■ Exercise instructions ■
Copy the opening lines of the listing exactly, through and including the line with "CD Snow Ankle"; do not copy any pictures.

[Data supplied]

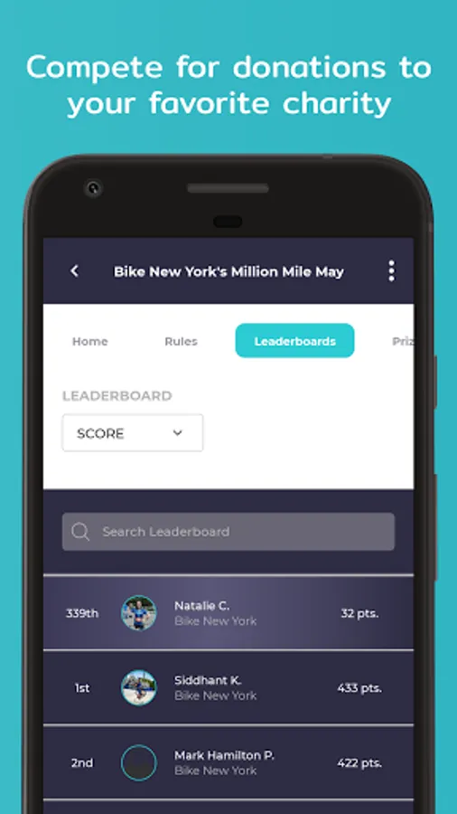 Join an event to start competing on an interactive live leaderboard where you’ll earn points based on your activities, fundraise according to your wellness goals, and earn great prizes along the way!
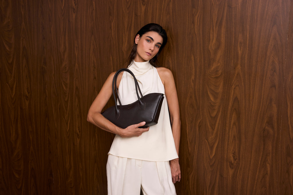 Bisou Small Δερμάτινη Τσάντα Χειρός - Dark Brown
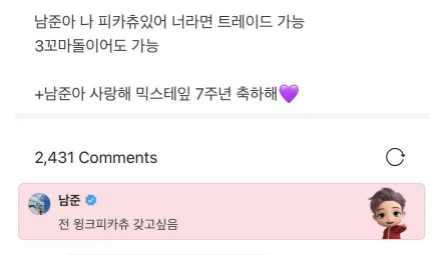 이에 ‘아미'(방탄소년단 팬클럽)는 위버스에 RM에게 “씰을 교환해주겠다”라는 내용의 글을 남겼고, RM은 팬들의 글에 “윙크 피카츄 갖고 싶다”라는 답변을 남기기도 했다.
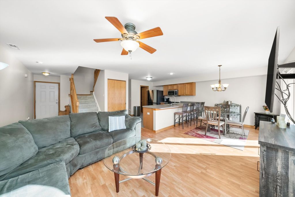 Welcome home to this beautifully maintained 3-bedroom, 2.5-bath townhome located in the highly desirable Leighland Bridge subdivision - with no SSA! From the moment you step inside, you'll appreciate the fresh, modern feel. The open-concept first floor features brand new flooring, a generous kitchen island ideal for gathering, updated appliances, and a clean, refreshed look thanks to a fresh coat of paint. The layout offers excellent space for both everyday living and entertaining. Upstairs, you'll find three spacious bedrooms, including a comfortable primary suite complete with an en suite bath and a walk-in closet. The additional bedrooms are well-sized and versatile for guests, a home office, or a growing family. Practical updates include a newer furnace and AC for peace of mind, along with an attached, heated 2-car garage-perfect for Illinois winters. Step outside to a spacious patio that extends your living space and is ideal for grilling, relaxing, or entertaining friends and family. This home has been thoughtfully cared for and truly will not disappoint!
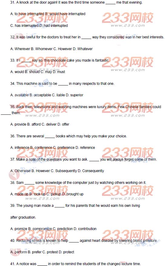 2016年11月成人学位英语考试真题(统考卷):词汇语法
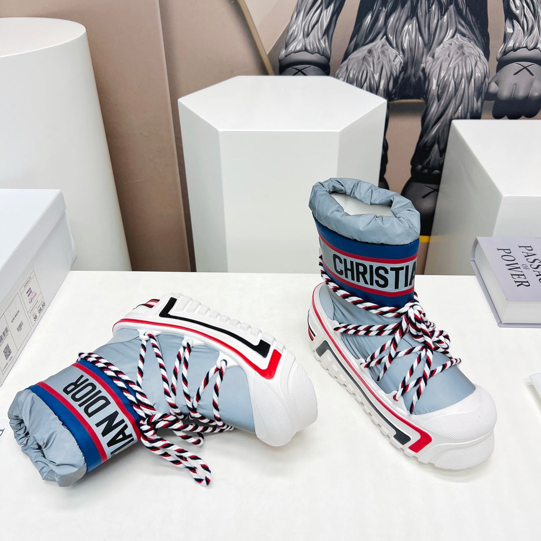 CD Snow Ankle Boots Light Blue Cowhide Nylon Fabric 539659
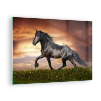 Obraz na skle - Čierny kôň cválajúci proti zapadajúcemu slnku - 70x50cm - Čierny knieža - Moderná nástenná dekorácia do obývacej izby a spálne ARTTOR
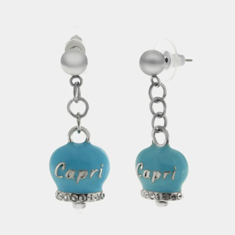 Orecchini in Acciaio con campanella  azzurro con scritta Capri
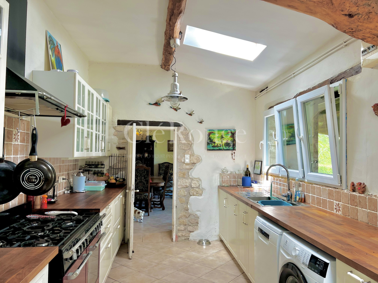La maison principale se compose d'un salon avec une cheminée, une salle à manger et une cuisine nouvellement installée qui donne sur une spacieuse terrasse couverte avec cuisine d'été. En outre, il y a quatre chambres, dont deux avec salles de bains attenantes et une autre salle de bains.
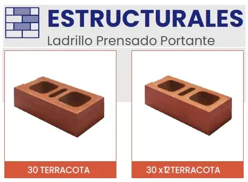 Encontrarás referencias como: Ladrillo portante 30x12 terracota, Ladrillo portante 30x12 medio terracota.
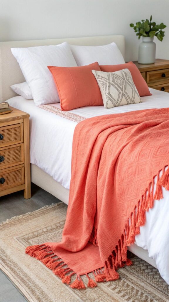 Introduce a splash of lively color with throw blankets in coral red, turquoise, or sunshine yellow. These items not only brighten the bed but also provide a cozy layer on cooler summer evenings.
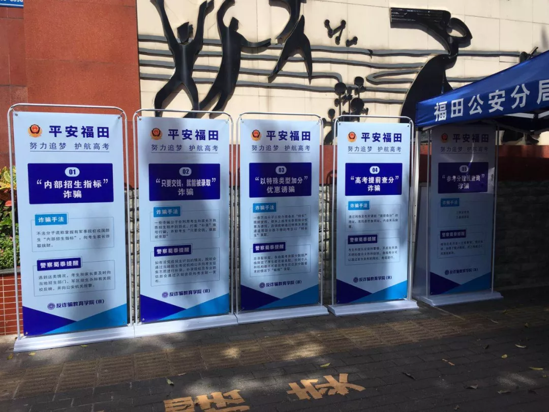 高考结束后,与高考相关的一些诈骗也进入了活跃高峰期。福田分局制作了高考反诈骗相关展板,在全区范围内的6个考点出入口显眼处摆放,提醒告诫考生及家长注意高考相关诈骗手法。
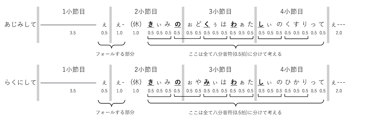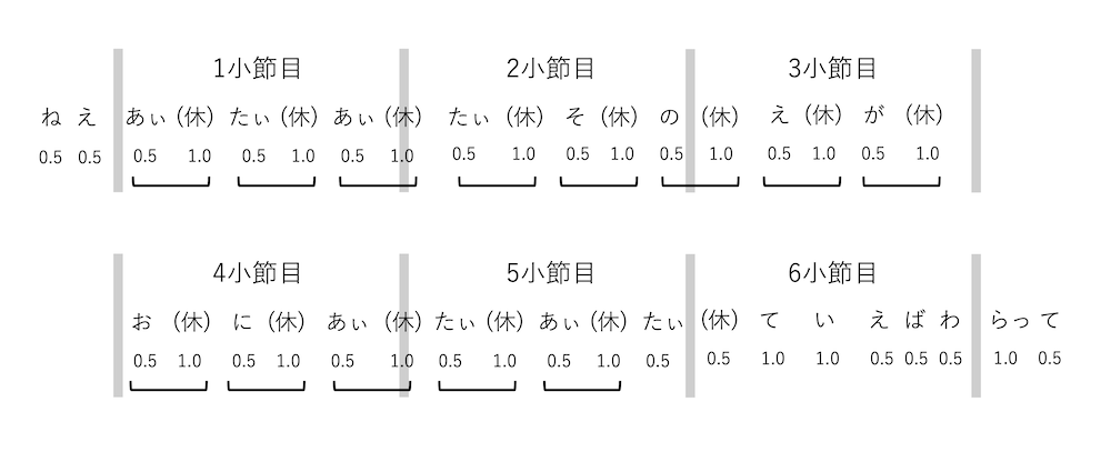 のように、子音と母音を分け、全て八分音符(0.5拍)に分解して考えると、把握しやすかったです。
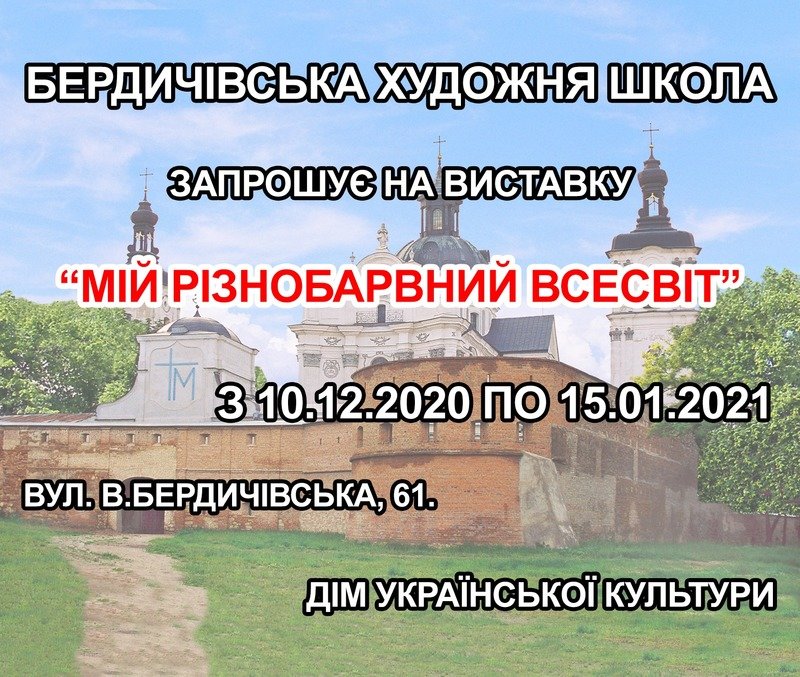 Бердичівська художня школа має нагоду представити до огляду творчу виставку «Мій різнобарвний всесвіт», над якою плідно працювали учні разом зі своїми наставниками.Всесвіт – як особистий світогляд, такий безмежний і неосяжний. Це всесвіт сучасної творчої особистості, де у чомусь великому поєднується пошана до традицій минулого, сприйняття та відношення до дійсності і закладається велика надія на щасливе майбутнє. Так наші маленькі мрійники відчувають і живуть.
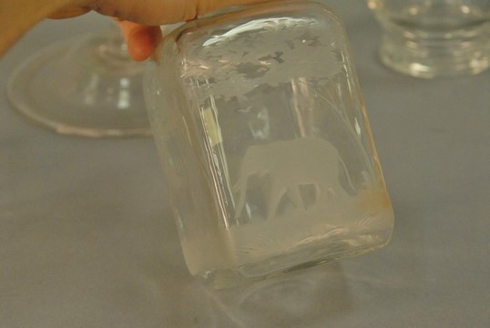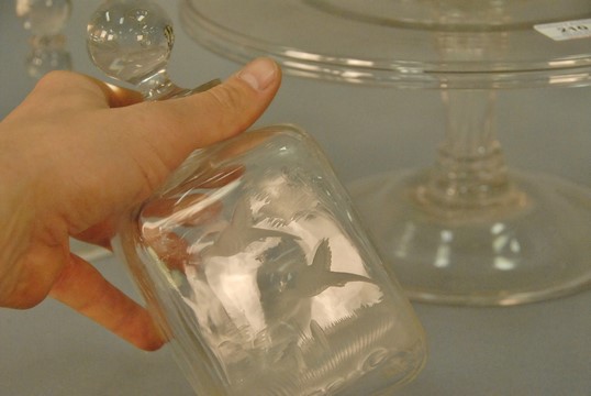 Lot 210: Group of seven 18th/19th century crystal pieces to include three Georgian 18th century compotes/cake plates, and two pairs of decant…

[/Data supplied]

■ Output for this task ■
 Join an event to start competing on an interactive live leaderboard where you’ll earn points based on your activities, fundraise according to your wellness goals, and earn great prizes along the way!
 Bisou Small Δερμάτινη Τσάντα Χειρός - Dark Brown
 이에 ‘아미'(방탄소년단 팬클럽)는 위버스에 RM에게 “씰을 교환해주겠다”라는 내용의 글을 남겼고, RM은 팬들의 글에 “윙크 피카츄 갖고 싶다”라는 답변을 남기기도 했다.
 Welcome home to this beautifully maintained 3-bedroom, 2.5-bath townhome located in the highly desirable Leighland Bridge subdivision - with no SSA! From the moment you step inside, you'll appreciate the fresh, modern feel. The open-concept first floor features brand new flooring, a generous kitchen island ideal for gathering, updated appliances, and a clean, refreshed look thanks to a fresh coat of paint. The layout offers excellent space for both everyday living and entertaining. Upstairs, you'll find three spacious bedrooms, including a comfortable primary suite complete with an en suite bath and a walk-in closet. The additional bedrooms are well-sized and versatile for guests, a home office, or a growing family. Practical updates include a newer furnace and AC for peace of mind, along with an attached, heated 2-car garage-perfect for Illinois winters. Step outside to a spacious patio that extends your living space and is ideal for grilling, relaxing, or entertaining friends and family. This home has been thoughtfully cared for and truly will not disappoint!
 2016年11月成人学位英语考试真题(统考卷):词汇语法
 CD Snow Ankle Boots Light Blue Cowhide Nylon Fabric 539659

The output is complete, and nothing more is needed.